*** Block opens ***
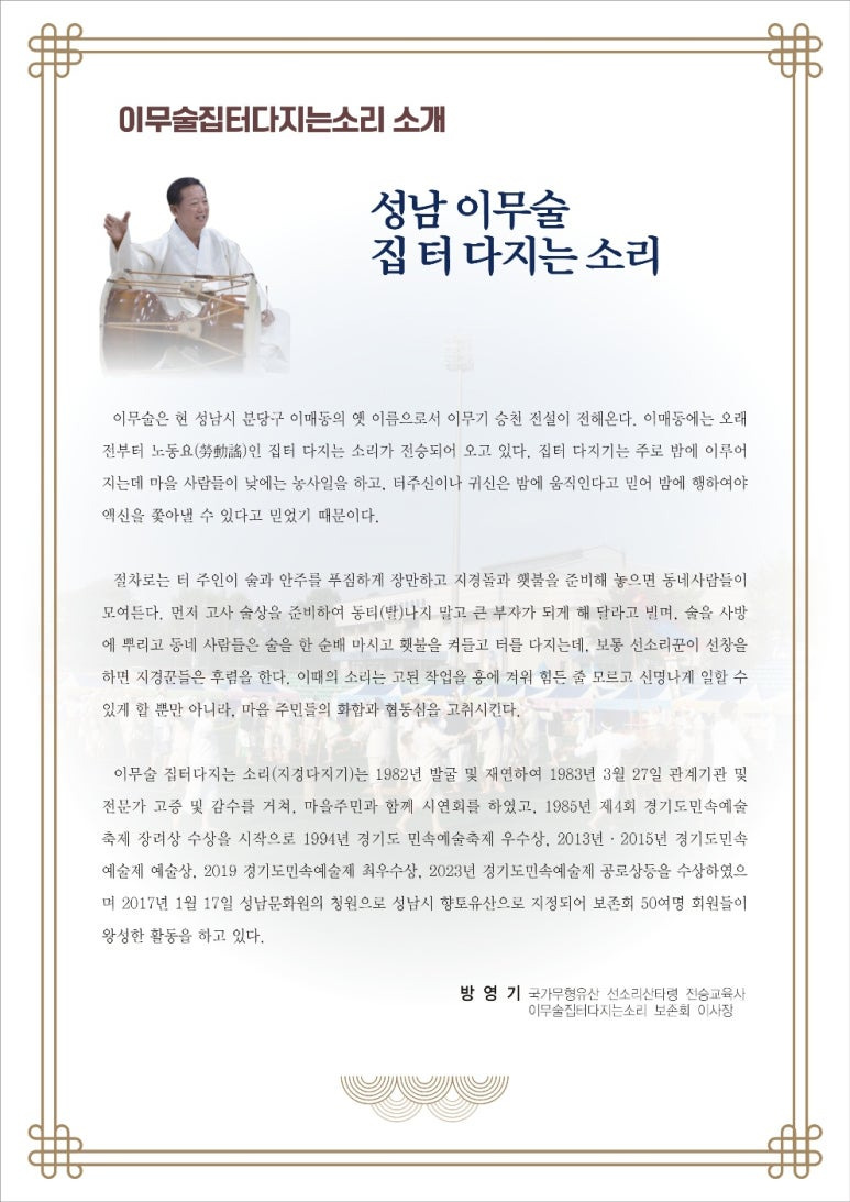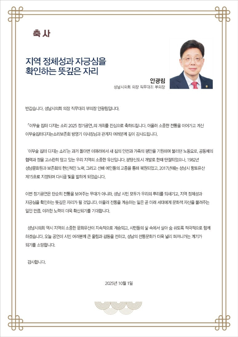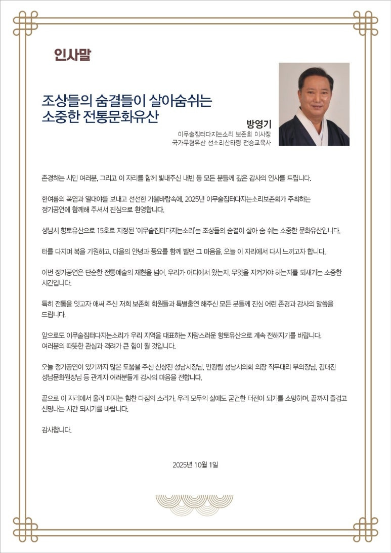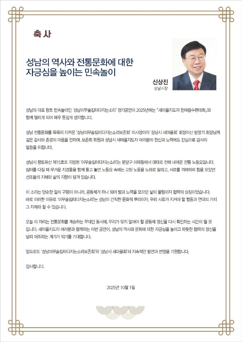 성남지역의 대표 향토 민속놀이인 성남시 향토유산 제15호 ‘이무술집터다지는소리 2025 정기공연’이, 10. 1(수), 새마을운동중앙회 운동장에서, 김정진 성남문화원 사무국장의 해설과 사회, 보존회 이사장인 방영기 국가 무형유산 선소리산타령 전승교육사의 총연출로 열린다.
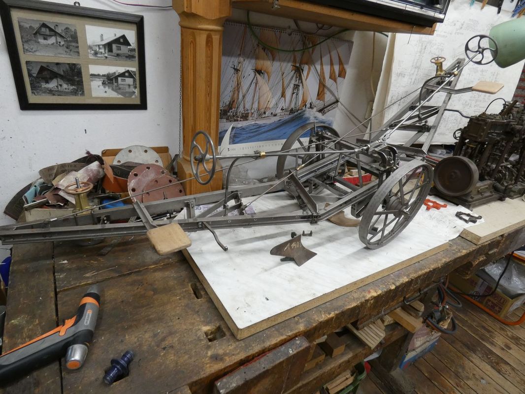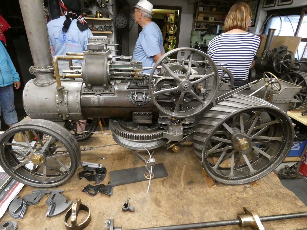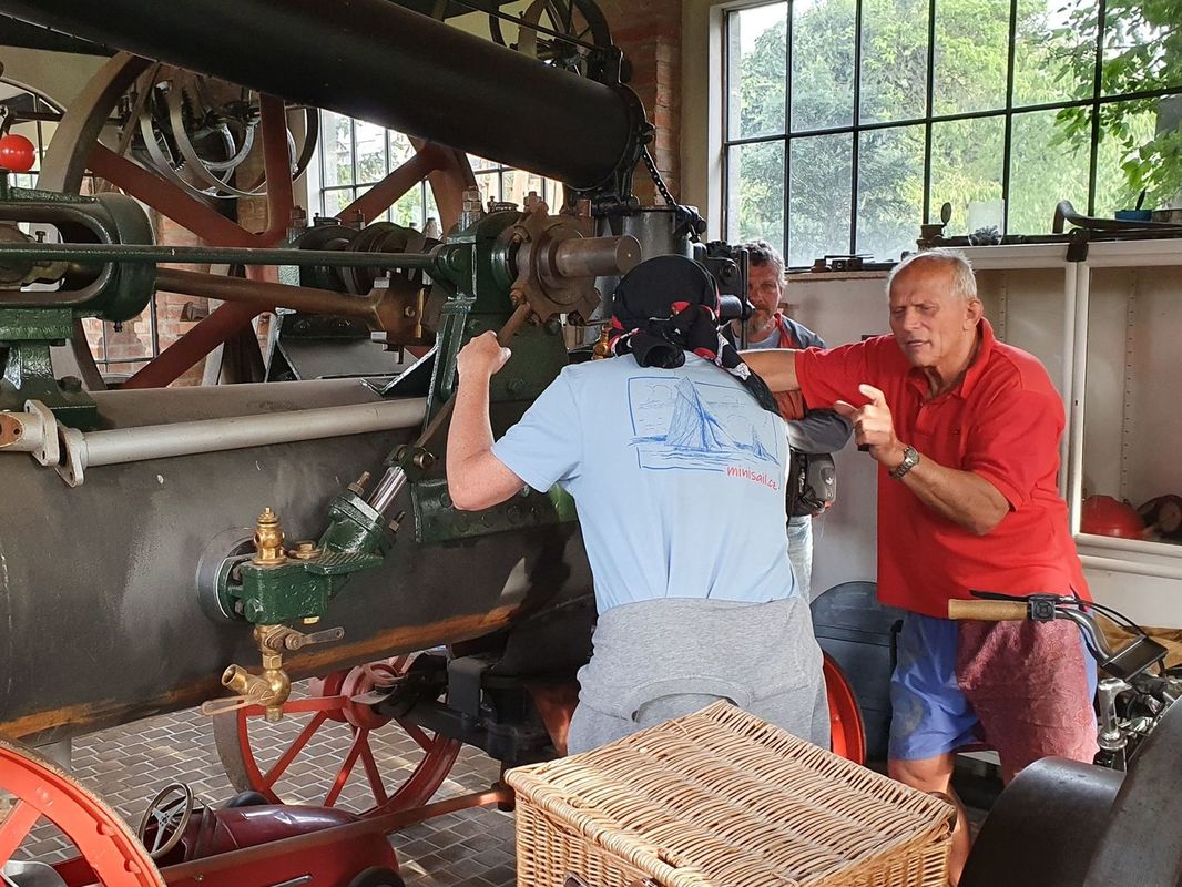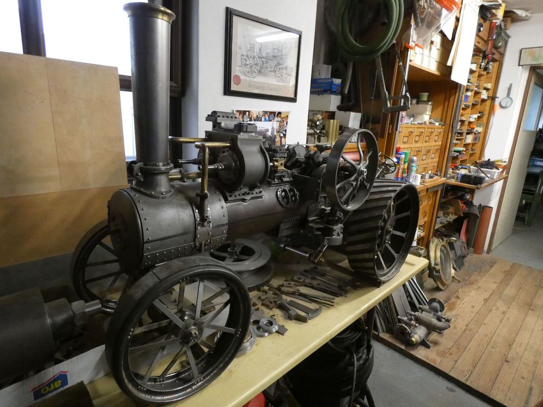 Prohlídka pokračovala v přízemí, či sklepních prostorách rodinného domu, které se postupem času změnily na strojní dílny a výstavní prostory. Nejvíc času jsme strávili v dílně, kde na stole stály funkční modely parních „voraček“. Dvě taková monstra, každé na jednom konci pole, si na laně přetahovaly orací stroj. Po každém přetažení o kus popojely a zorané brázdy rychle přibývaly. Modely vznikají podle dostupných podkladů a budou plně funkční. Proto se také staví dva.
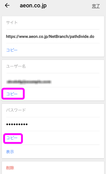 保存されているID(ユーザー名)とパスワード、そして保存したURLが表示されます。
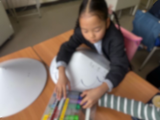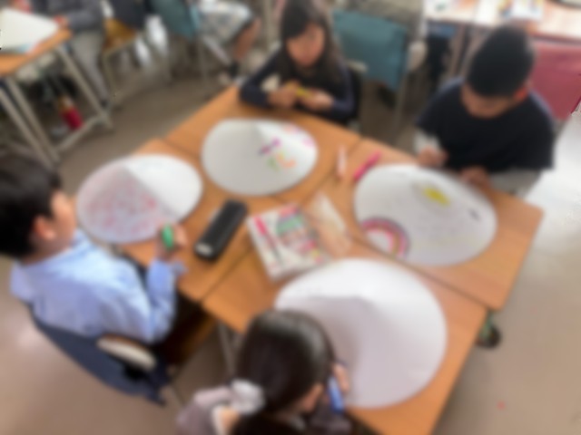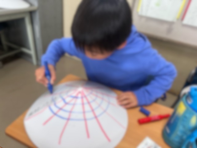 練習用の花笠に色をつけたり、模様をつけたり、自分だけの花笠をつくりました。
*** Block closes ***
> _EXERCISE INSTRUCTIONS_
Wording must stay exact. Give again the lines from the line with "保存されているID(ユーザー" through the last line of the listing, both ends included, without pictures.

> _OUTPUT_
 保存されているID(ユーザー名)とパスワード、そして保存したURLが表示されます。
 練習用の花笠に色をつけたり、模様をつけたり、自分だけの花笠をつくりました。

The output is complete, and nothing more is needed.